Adds dsv4-fp4-mi355x-sglang-disagg — a DeepSeek-V4-Pro FP4 prefill/decode-disaggregated benchmark on MI355X via SGLang + MoRI. It combines the two references this work was scoped against:

the validated single-node DSv4 SGLang recipe (dsv4-fp4-mi355x-sglang and its MTP variant), and
the SGLang-disagg framework (MoRI KV transfer + sglang_router) introduced for the dsr1 / qwen3.5 / glm5 MI355X recipes (#1570, #1572, #1579).

Files

File	Change
`benchmarks/multi_node/dsv4_fp4_mi355x_sglang-disagg.sh`	New model-agnostic launcher (same shape as the qwen3.5/glm5 `sglang-disagg` wrappers, with `NODE_LIST` for local smoke). `launch_mi355x-amds.sh` resolves `dsv4`+`fp4`+`sglang-disagg` → this filename.
`benchmarks/multi_node/amd_utils/models.yaml`	New `DeepSeek-V4-Pro` entry (base/dp flags + prefill/decode profiles).
`benchmarks/multi_node/amd_utils/env.sh`	DSv4 FP4-experts `SGLANG_*` env block + deep_gemm-absence fallback, gated on `MODEL_NAME`.
`benchmarks/multi_node/amd_utils/setup_deps.sh`	Idempotent, atomic `config.json` `model_type` patch, gated on `MODEL_NAME`.
`.github/configs/amd-master.yaml`	New `dsv4-fp4-mi355x-sglang-disagg` block.
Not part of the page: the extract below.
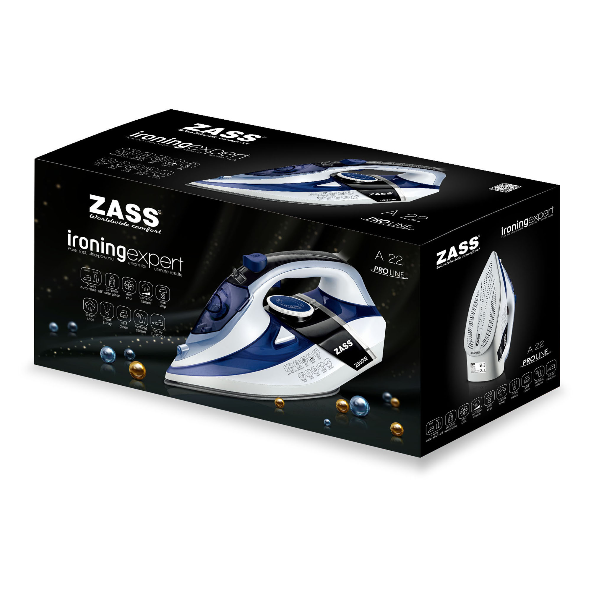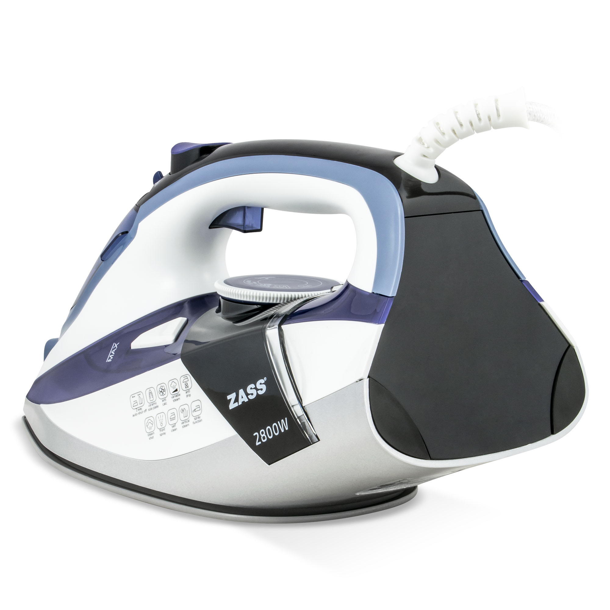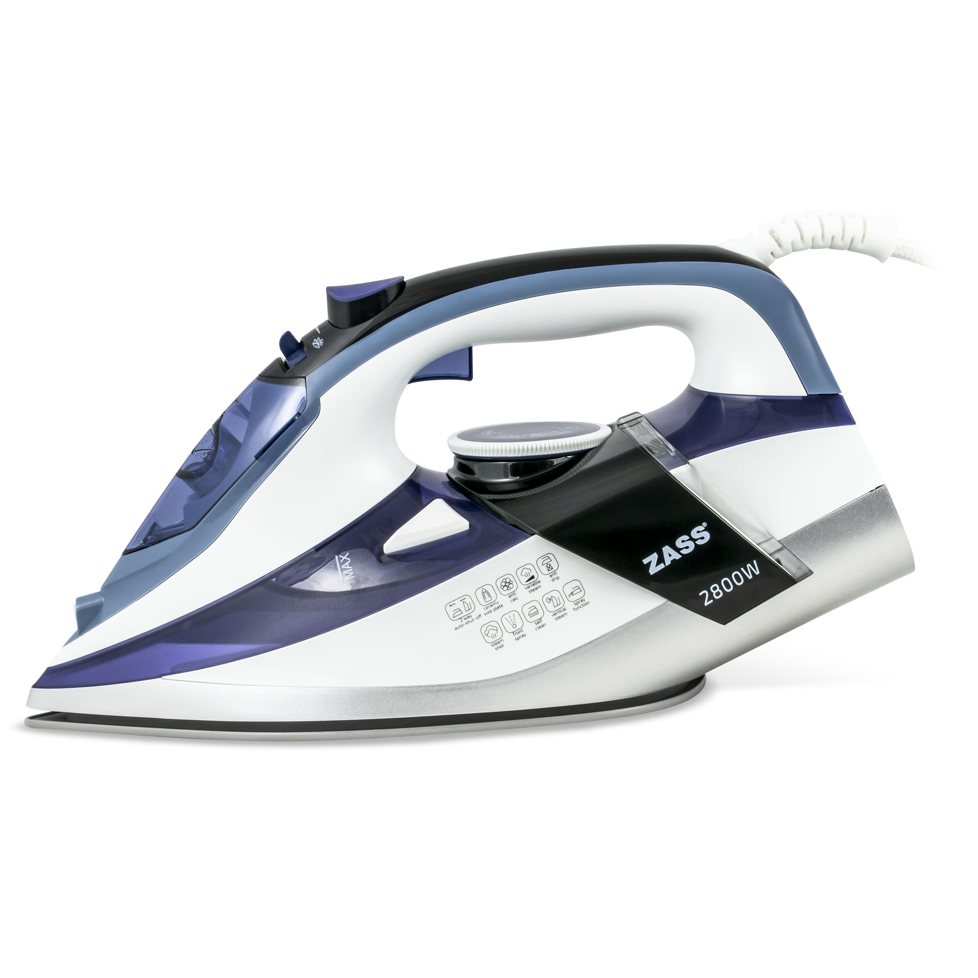 Fier de calcat cu abur Zass A22, 2800 W, talpa ceramica si oprire automata

Serving config (`models.yaml`)

base_flags mirror the validated single-node DSv4 SGLang recipe so the per-worker engine config matches the known-good aggregated run:

--attention-backend dsv4, --swa-full-tokens-ratio 0.15, --page-size 256, --disable-shared-experts-fusion
--tool-call-parser deepseekv4 --reasoning-parser deepseek-v4, the DSv4 thinking chat template
disagg essentials: --disaggregation-transfer-backend mori --load-balance-method round_robin --watchdog-timeout 3600
--context-length 9472 is pinned (the model default is very long → would over-reserve KV); covers the 8k/1k smoke point.
--kv-cache-dtype left at the model default (the single-node DSv4 recipe sets none), unlike the fp8_e4m3 DeepSeek-R1 disagg entries.
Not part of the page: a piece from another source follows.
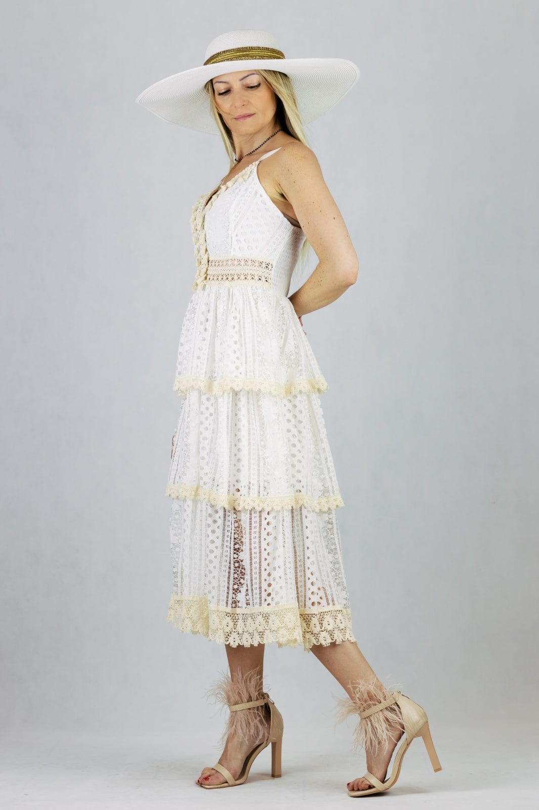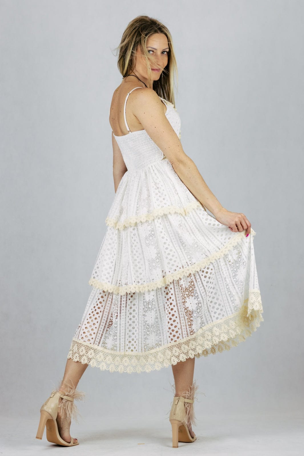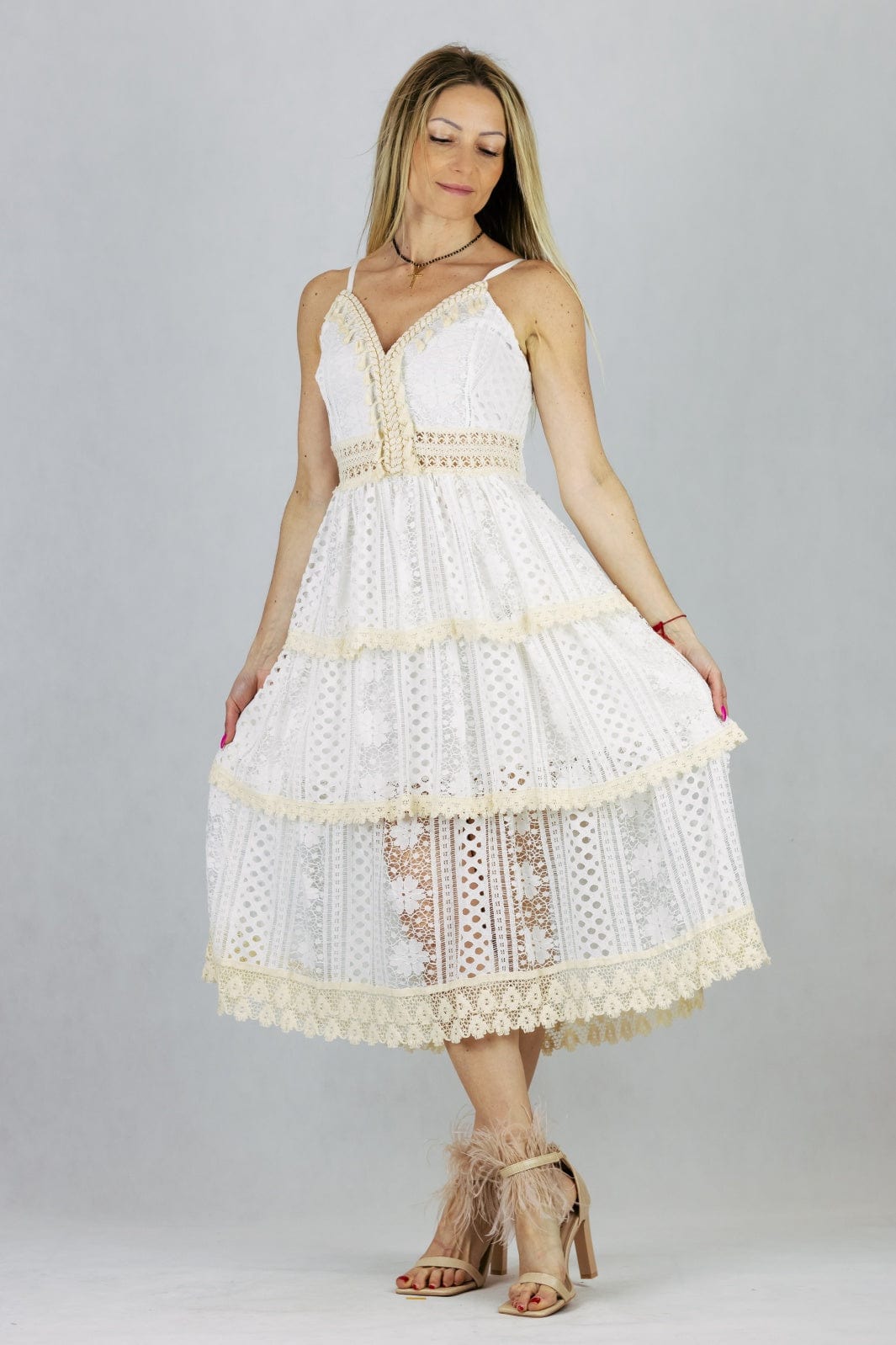 Letnia sukienka boho o długości maxi z koronkowej tkaniny.

Env / flags track the validated 0610 single-node recipe (PR #1701, "[AMD][MI35X] 0610 DSV4", successful run): mainline …-20260610 image, --attention-backend dsv4 (not compressed), unified_kv_triton FlashMLA, the aiter indexer, the mainline fp8 wo_a / topk-v2 fallbacks hardcoded (so no deep_gemm-presence detect), and the branch-only SGLANG_DSV4_FP4_EXPERTS / SGLANG_FORCE_TRITON_MOE_FP8 flags dropped. The prefill delayer (--enable-prefill-delayer) is intentionally not used.

The DSv4 SGLANG_* env block (SGLANG_DSV4_FP4_EXPERTS=True, SGLANG_FORCE_TRITON_MOE_FP8=0, aiter MHC, tilelang indexer, triton FlashMLA, …) are copied verbatim from the single-node recipe into env.sh, gated on MODEL_NAME.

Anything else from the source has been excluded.